GOAL OF THE EXERCISE: Of all the lines below, output only those starting at the one with "轿车同比下滑14.9%,SU" and ending at the one with "Étagère en verre", both ends included, exactly as written.

GIVEN ENTRIES:
○ ○ ○ ○ ○
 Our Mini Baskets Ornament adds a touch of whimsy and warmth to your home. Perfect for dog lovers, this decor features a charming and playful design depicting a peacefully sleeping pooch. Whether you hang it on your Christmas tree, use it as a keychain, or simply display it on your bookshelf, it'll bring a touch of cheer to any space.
○ ○ ○ ○ ○
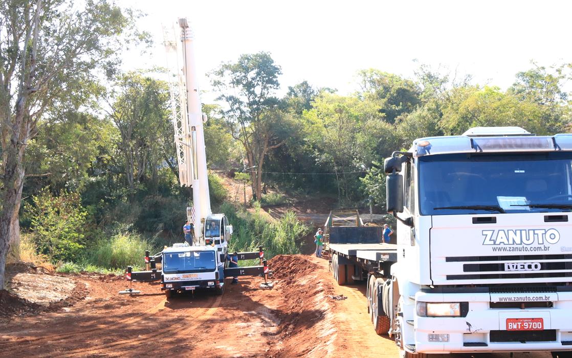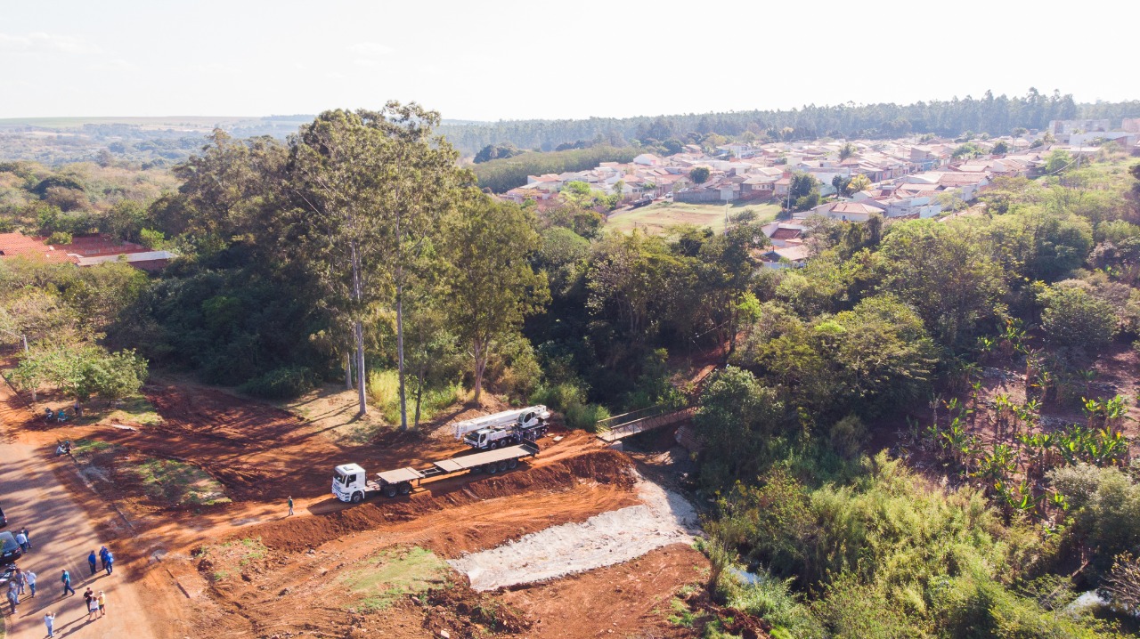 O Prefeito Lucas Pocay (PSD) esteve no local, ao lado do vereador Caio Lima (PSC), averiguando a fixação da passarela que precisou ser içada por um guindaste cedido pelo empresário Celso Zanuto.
○ ○ ○ ○ ○
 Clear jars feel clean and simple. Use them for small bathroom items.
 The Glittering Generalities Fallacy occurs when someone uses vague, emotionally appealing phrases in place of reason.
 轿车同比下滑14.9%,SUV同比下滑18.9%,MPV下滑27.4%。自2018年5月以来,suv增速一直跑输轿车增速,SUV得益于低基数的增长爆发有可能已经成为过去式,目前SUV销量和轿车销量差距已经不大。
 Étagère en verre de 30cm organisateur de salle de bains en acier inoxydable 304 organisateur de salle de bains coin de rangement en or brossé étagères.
○ ○ ○ ○ ○
OUTPUT OF THE EXERCISE:
 轿车同比下滑14.9%,SUV同比下滑18.9%,MPV下滑27.4%。自2018年5月以来,suv增速一直跑输轿车增速,SUV得益于低基数的增长爆发有可能已经成为过去式,目前SUV销量和轿车销量差距已经不大。
 Étagère en verre de 30cm organisateur de salle de bains en acier inoxydable 304 organisateur de salle de bains coin de rangement en or brossé étagères.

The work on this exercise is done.